» EXERCISE DETAILS
Below are some entries. Return exactly the lines from the one with "今週は大分冷え込みました。や" through the final line, leaving out any pictures.

» Stored dataset items
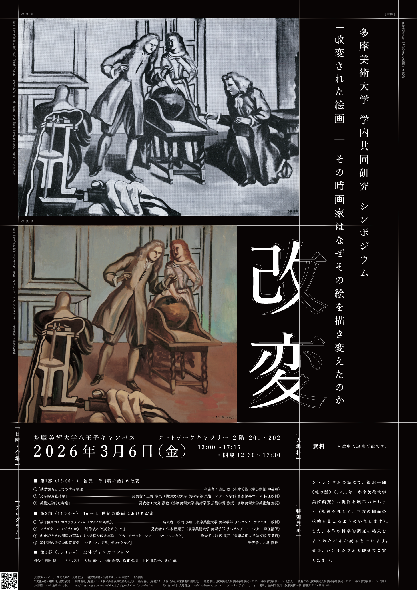 多摩美術大学の学内共同研究の一つとして2025年4月に設立された「多摩美術大学『改変された絵画』研究会」では、福沢《魂の話》の改変問題を出発点として、さらに、他の画家「本人」による「絵画」作品の「完成後」の塗り変えや切断などの「改変」作業について、16~20世紀におけるさまざまな事例を分担して調査研究しています。
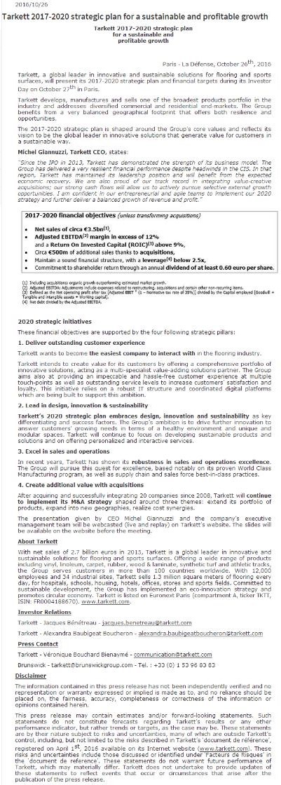 得嘉2017-2020年可持續及盈利發展戰略計劃 得嘉集團是一家提供創新及可持續發展解決方案地板及運動地面的全球領導者, 2016年10月27日得嘉集團將在投資者日在巴黎發布其2017 - 2020年戰略計劃和財務目標。
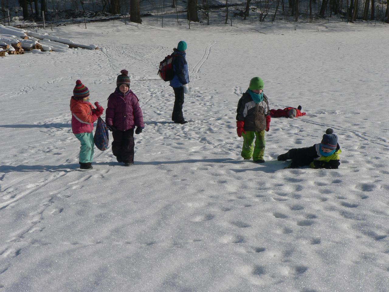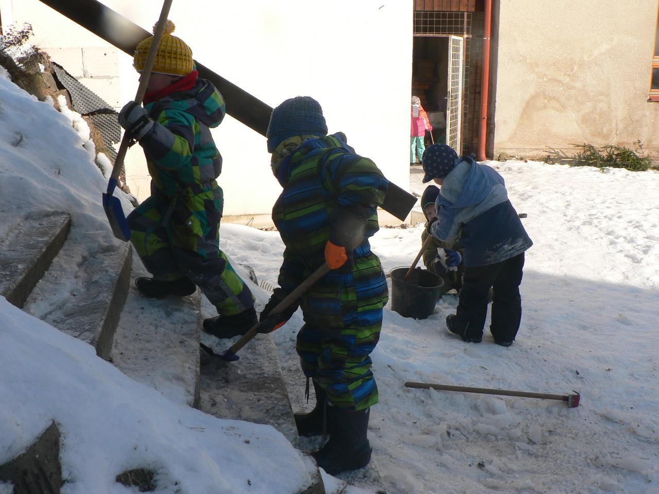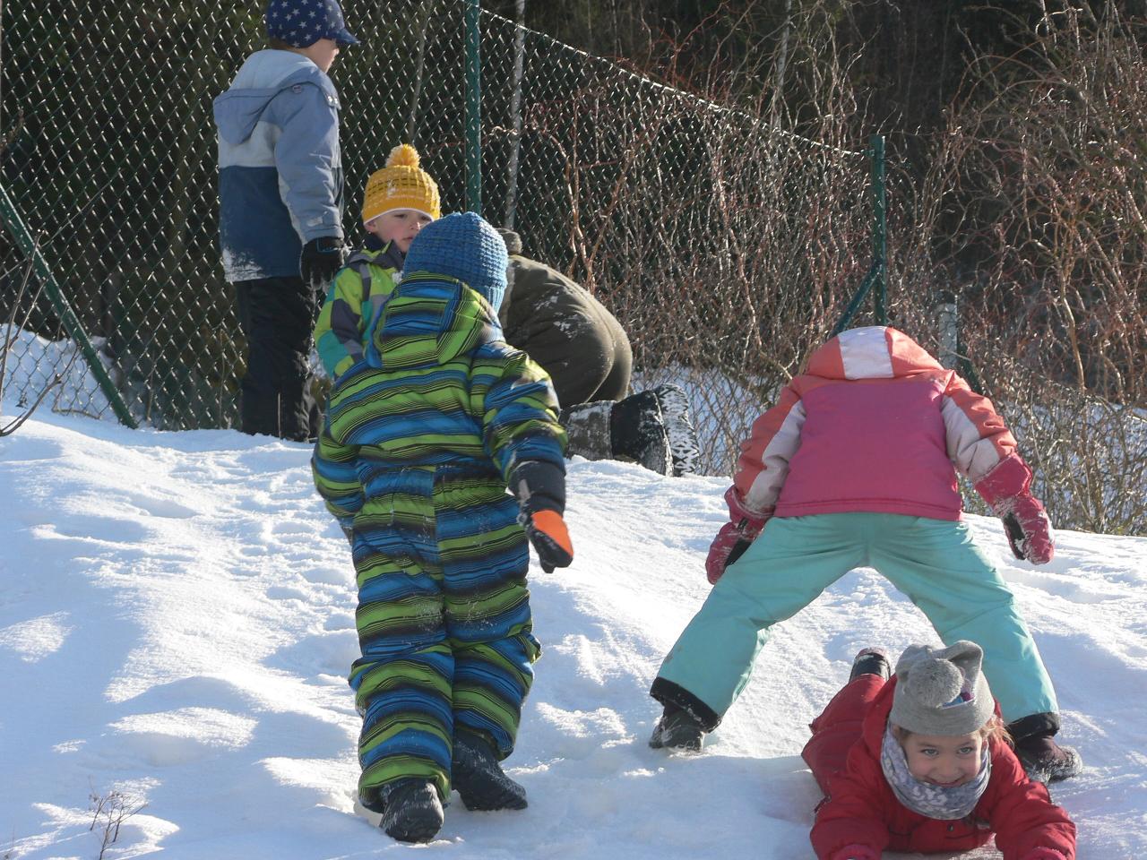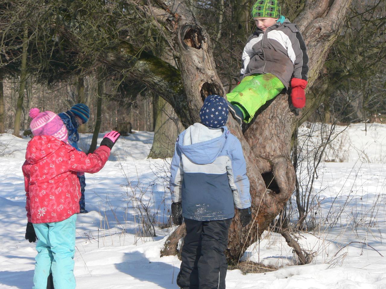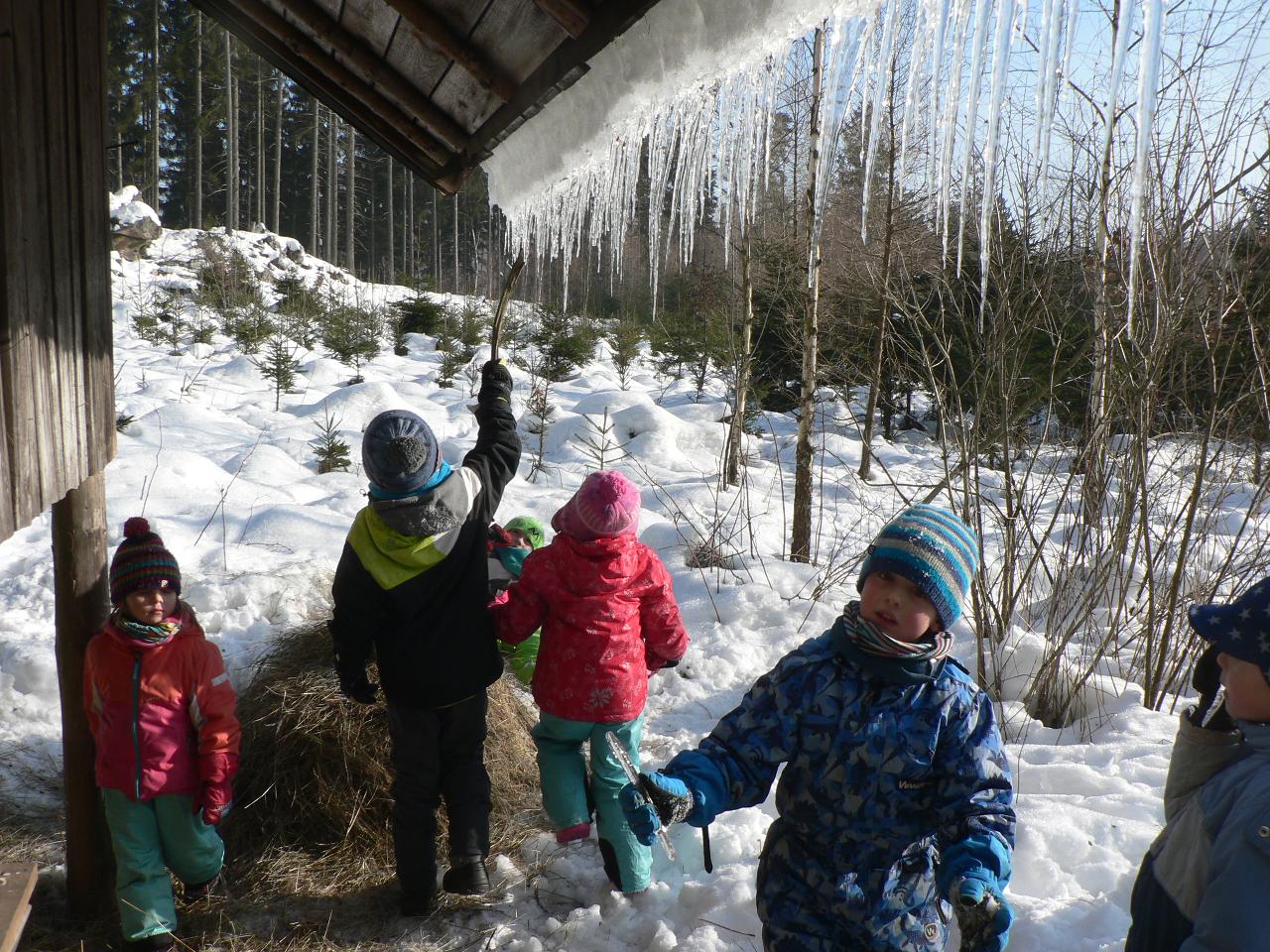 Týden věnovaný pohádce o holčičce Zlatušce, malém hladovém ptáčkovi a jedné velké proměně. Příběh o soucitu, péči a starostlivosti. A stejně jako Zlatuška v pohádce, i my jsme se v tomto týdnu více seznamovali s ptačími kamarády. Zjišťovali jsme, které ptáčky můžeme u krmítek zahlédnout a čím je můžeme nakrmit. Ptáčci se nám v různých podobách dostali také do her, říkaček a dalších pohybových aktivit. Také jsme tvořili malé ptáčky z vlny a šili smrčky a jedle z filcu. Vyráběli jsme lojové koule a krmítka, aby měli ptáčci venku z čeho zobat. A měli jsme velké štěstí, protože naše dobroty přilákaly nejen kosy, vrabčáky nebo sýkorky, ale do našeho krmítka před školkou zavítala také sojka, kterou jsme tak s dětmi viděli hezky zblízka. Ve středu jsme pak vyrazili na velkou výpravu zasněženým lesem ke krmelci, kam jsme zanesli kaštany a žaludy pro lesní zvířátka a podělili se i s nimi. Celý týden jsme pak měli možnost venku sledovat co dokáže mráz, klouzali jsme se na zamrzlých kopcích i kalužích, obdivovali nádherné rampouchy a další zajímavé obrazce, které zima vykouzlila.
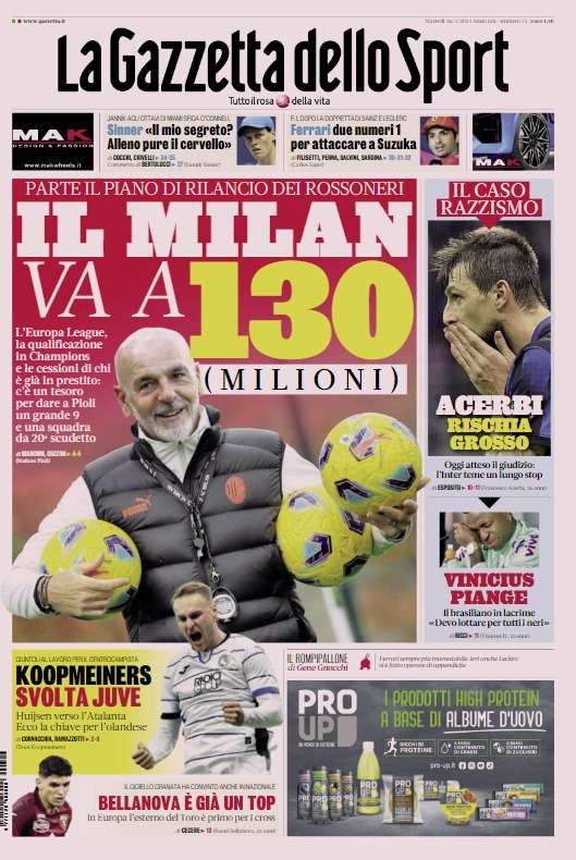 Prima pagina Gazzetta dello Sport: “Il Milan va a 130 milioni”
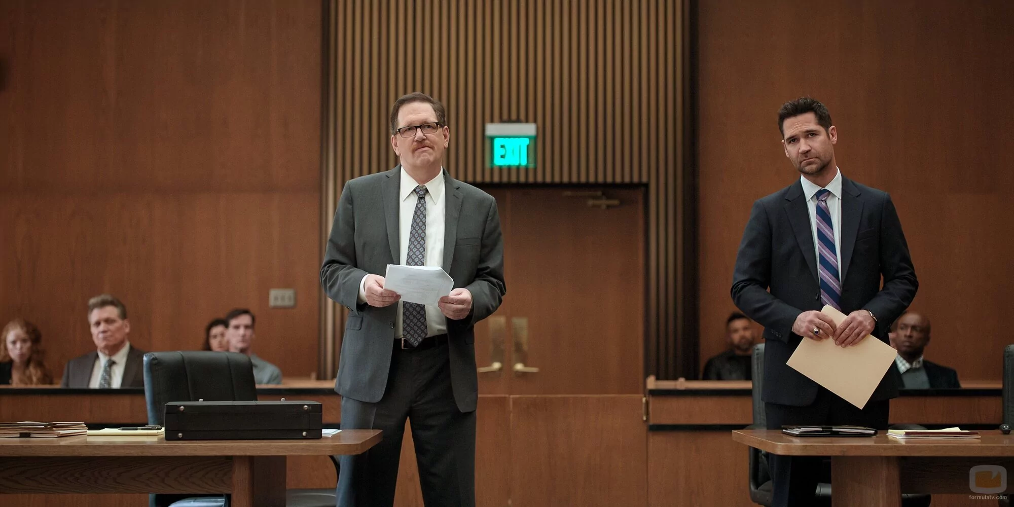 Manuel Garcia-Rulfo y Holt McCallany aparecen en una foto promocional del capítulo 'Imparable' de la serie 'El abogado del Lincoln'.
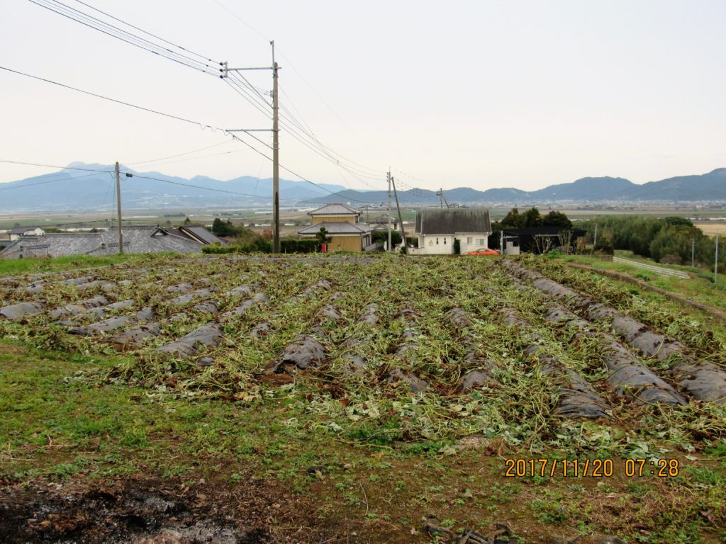 今週は大分冷え込みました。やっと安納芋の収穫です。収穫前の芋蔓切りの状況を公開します。この後、マルチを剥して、2日から3日後に収穫します。それから、冬の雲仙岳の稜線から昇る朝日と普賢岳に雲の傘ができていました。
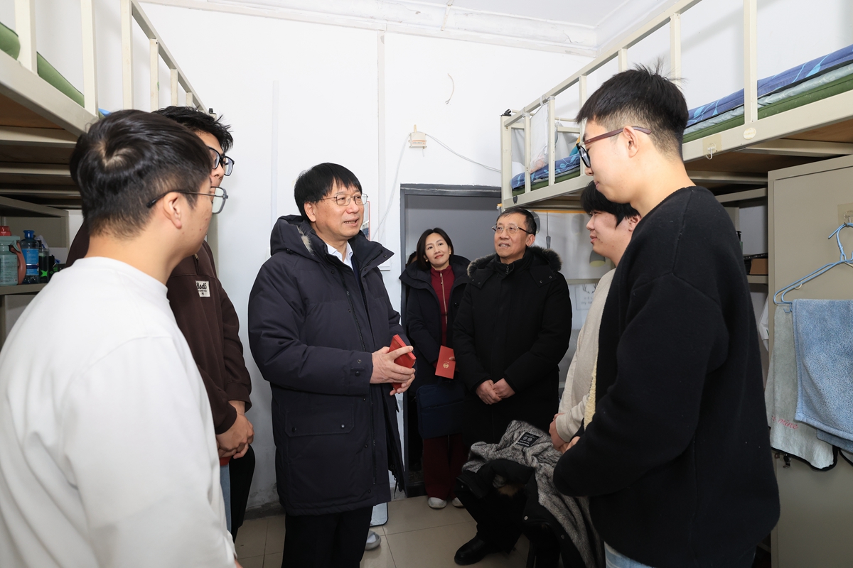 【文字/饶明月 图片/方卫东 徐立华】1月21日,校长张希带队赴各校区走访图书馆、体育馆、实验室、学生食堂、学生公寓等重点场所,检查寒假期间相关工作准备情况,并看望慰问在校师生。
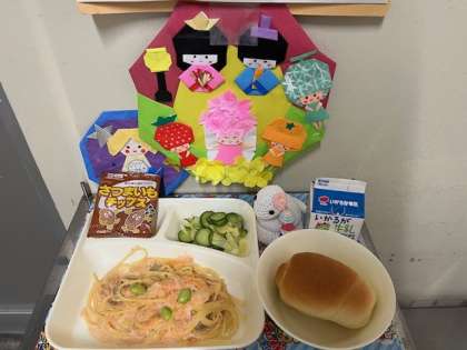 給食では、食物アレルギー対応食品として、小麦を使わない米粉のマカロニを使っています。
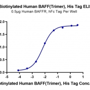 Immobilized Human BAFFR, hFc Tag at 5ug/ml (100ul/Well) on the plate. Dose response curve for Biotinylated Human BAFF (Trimer) , His Tag with the EC50 of 6.9ng/ml determined by ELISA. See testing image for detail.
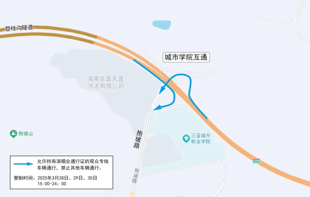 管制措施:除持有演唱会车辆通行证的观众专线车辆外,禁止其他车辆从G98高速城市学院互通下匝道进入抱坡路通行。

» REPLY TO THE EXERCISE
 今週は大分冷え込みました。やっと安納芋の収穫です。収穫前の芋蔓切りの状況を公開します。この後、マルチを剥して、2日から3日後に収穫します。それから、冬の雲仙岳の稜線から昇る朝日と普賢岳に雲の傘ができていました。
 【文字/饶明月 图片/方卫东 徐立华】1月21日,校长张希带队赴各校区走访图书馆、体育馆、实验室、学生食堂、学生公寓等重点场所,检查寒假期间相关工作准备情况,并看望慰问在校师生。
 給食では、食物アレルギー対応食品として、小麦を使わない米粉のマカロニを使っています。
 Immobilized Human BAFFR, hFc Tag at 5ug/ml (100ul/Well) on the plate. Dose response curve for Biotinylated Human BAFF (Trimer) , His Tag with the EC50 of 6.9ng/ml determined by ELISA. See testing image for detail.
 管制措施:除持有演唱会车辆通行证的观众专线车辆外,禁止其他车辆从G98高速城市学院互通下匝道进入抱坡路通行。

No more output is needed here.